Посвежело. От Еловских болот потянуло сыростью, пахнуло тиной. С закатной стороны докатился гром, осторожно, чуть слышно, но взгляды к себе потянул - гроза? Нет. Перед грозой от небесного грома свечает, а ныне ни один всполох темноты не коснулся. Видно, другое...

Подошёл сотник Курицын. Постоял, глядя сверху вниз, сковырнул носком сапога валкий камешек, спросил:

- Кто в сторожу ночную идёт?



- От нас прошлой ночью ходили, - ответил Силуян.

Сотник замялся, не зная, что сказать.

- Воевода не велел напрасно огонь жечь. Гасите.

- Повечерим - погасим.

Сотник ещё постоял, посучил сапогами землю и ушёл. Коська ухмыльнулся: никто Силуяну перечить не смеет. Сотник хоть и голова, а тоже как лиса на кувшин - лишь облизнулся. И не оттого, что Силуян с иными воеводами в знакомцах ходит, а оттого, что на всякого дурака Силуян зело крепок и зол, и может при надобности кулаком в морду дать. А нынешний сотник лишь родством с посольским дьяком Курицыным знаменит, и ничем боле.

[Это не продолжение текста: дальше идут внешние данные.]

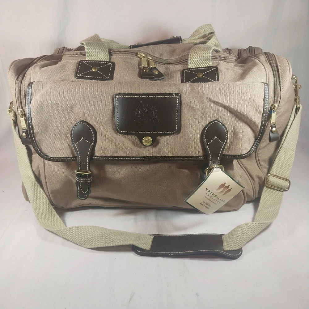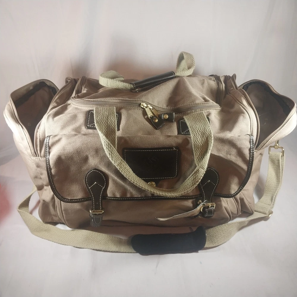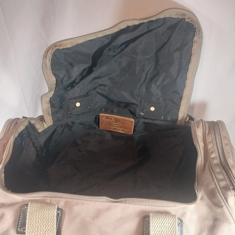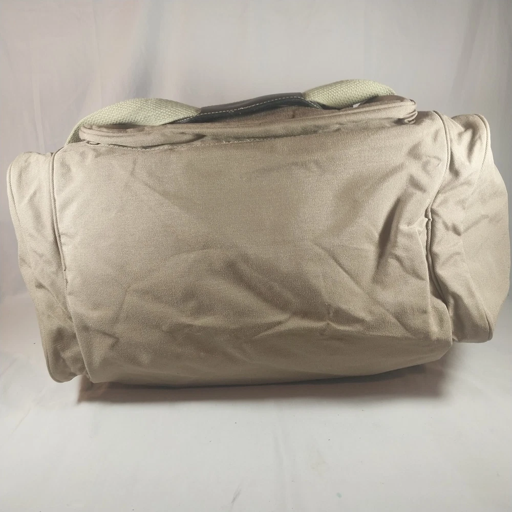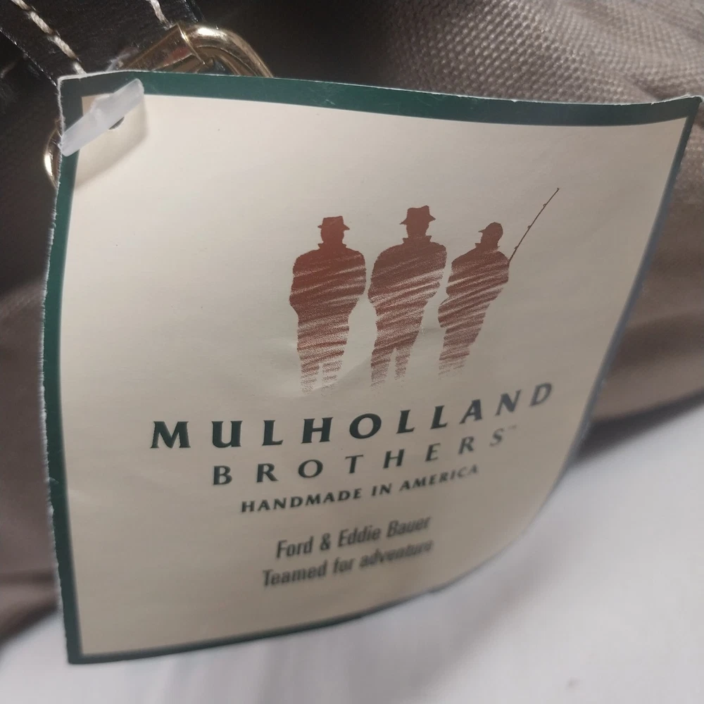 This vintage Eddie Bauer duffle bag is a must-have for any collector or outdoor enthusiast. Made from durable canvas material and featuring a solid beige color, this bag is both stylish and practical. The bag has a size of 18 inches, making it perfect for weekend getaways or camping trips. Not only is this bag lightweight and has a soft case, but it also comes with a unique Mulholland Brothers Ford and Eddie Buaer leather Thank You tag inside. The bag has never been used and is in excellent condition, ready for its next adventure.

Повечеряли. Тимоха Васильев понёс котёл к реке ополоснуть, остальные легли на травке вкруг костра. Говорить не хотелось, спать тоже. Силуян потёр ладонями виски, вздохнул - думы тревожные роем комариным дурили голову. Силуян пробовал отмахнуться, но думы, как не отмахивайся, всё одно одолеют, ибо нет на них испытанной управы. Вспомнились тучи над Дорогобужем, хмурые лица посадских людей с недоверием и опаской глядевших на пришлую московскую рать - что-то теперь будет! У соборной церкви воевода боярин Кошкин с большим позолоченным крыжом в руках приводит город к покорности. На устах улыбка, в глазах надменность; позади прочие воеводы, сотники, конные полки. Дорогобужане в очередь подходят к боярину, кланяются, трижды крестятся, целуют крыж. Потом дожди, разбитая в студень дорога, на обочине лошадь с перебитыми ногами. Покуда добрались до Миткова, половину сотни выкосило: кто животом мается, кто на кашель изошёл, а кто и вовсе в бега подался.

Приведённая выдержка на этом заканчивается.